In the project file- Tutorial_04.gdb, three-time series datasets are provided under Time Series block in the model object panel. These datasets represent a 2-hour synthetic storm event with three return periods e.g. 2-year, 10-year and 100-year. The rain gage is set to an “Intensity” format with a interval of 5 minutes. The Time Series editor and the chart viewer for Tutorial 04 should appear like Figure 2.6.

Under Time Series block, users can create, import or edit time series data for any object (e.g. node inflow). For details on working with time series data in GeoSWMM, see the user’s manual.

Simulation Option Setting

The Options block in the Model Object Panel enables simulation settings. There are five tabs in Options editor. In this tutorial a 12-hour simulation has been carried out at 5 minutes Time Step to examine the effects of LIDs. Table 2.7 lists the primary simulation settings which are set for Tutorial 04.

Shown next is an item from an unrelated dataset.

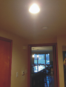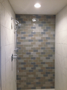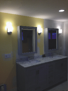![]() Decisions, decisions: sconces opening up or down? We thought it would be down, but upon actually seeing how they looked: | ![]() Decision was opening up! | ![]() Overhead light in shower. |
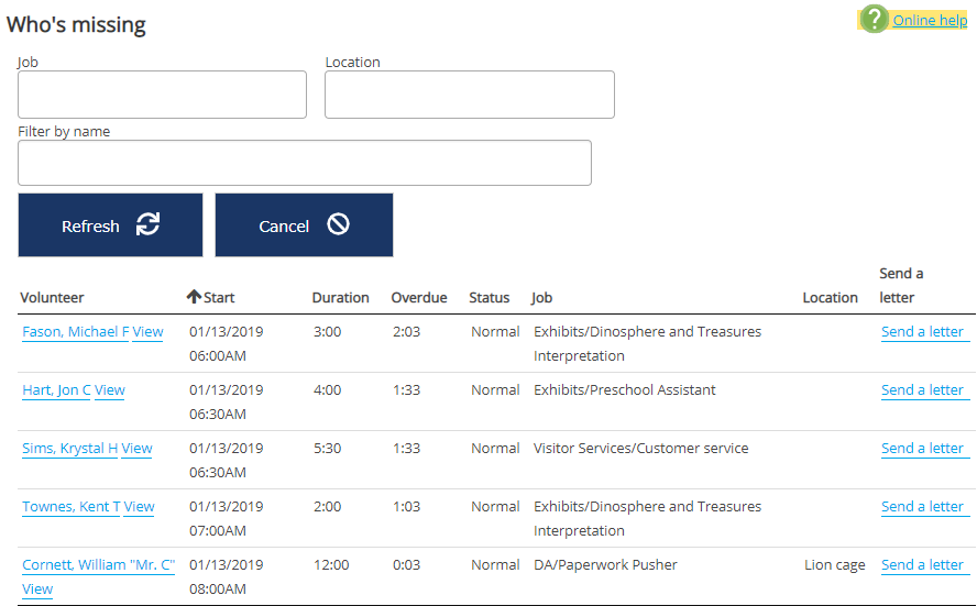 Use the filters at the top to search by Job, Location, and the person's name, then click Refresh. For each record it shows when they should have been here, the length of their assignment and how late they currently are.

Table 2.7 : Simulation Options for Tutorial 04

Loss Parameters

In a catchment hydrologic process, major water losses accounted are infiltration and evapotranspiration. To account for infiltration loss from the subcatchments, Horton model has been applied in this tutorial. Parameter values, which have been assigned to theall subcatchments except for filter strips and infiltration trenches, used in this model are listed below in Table 2.8. For Horton’s parameters of filter strips and infiltration trenches, see Filter Strips Properties and Infiltration Trenches respectively.

Table 2.8 : Horton Infiltration Model Parameters

Note that evapotranspiration and other loss properties are not assigned to the current model. For details on these loss parameters, review the User’s Manual.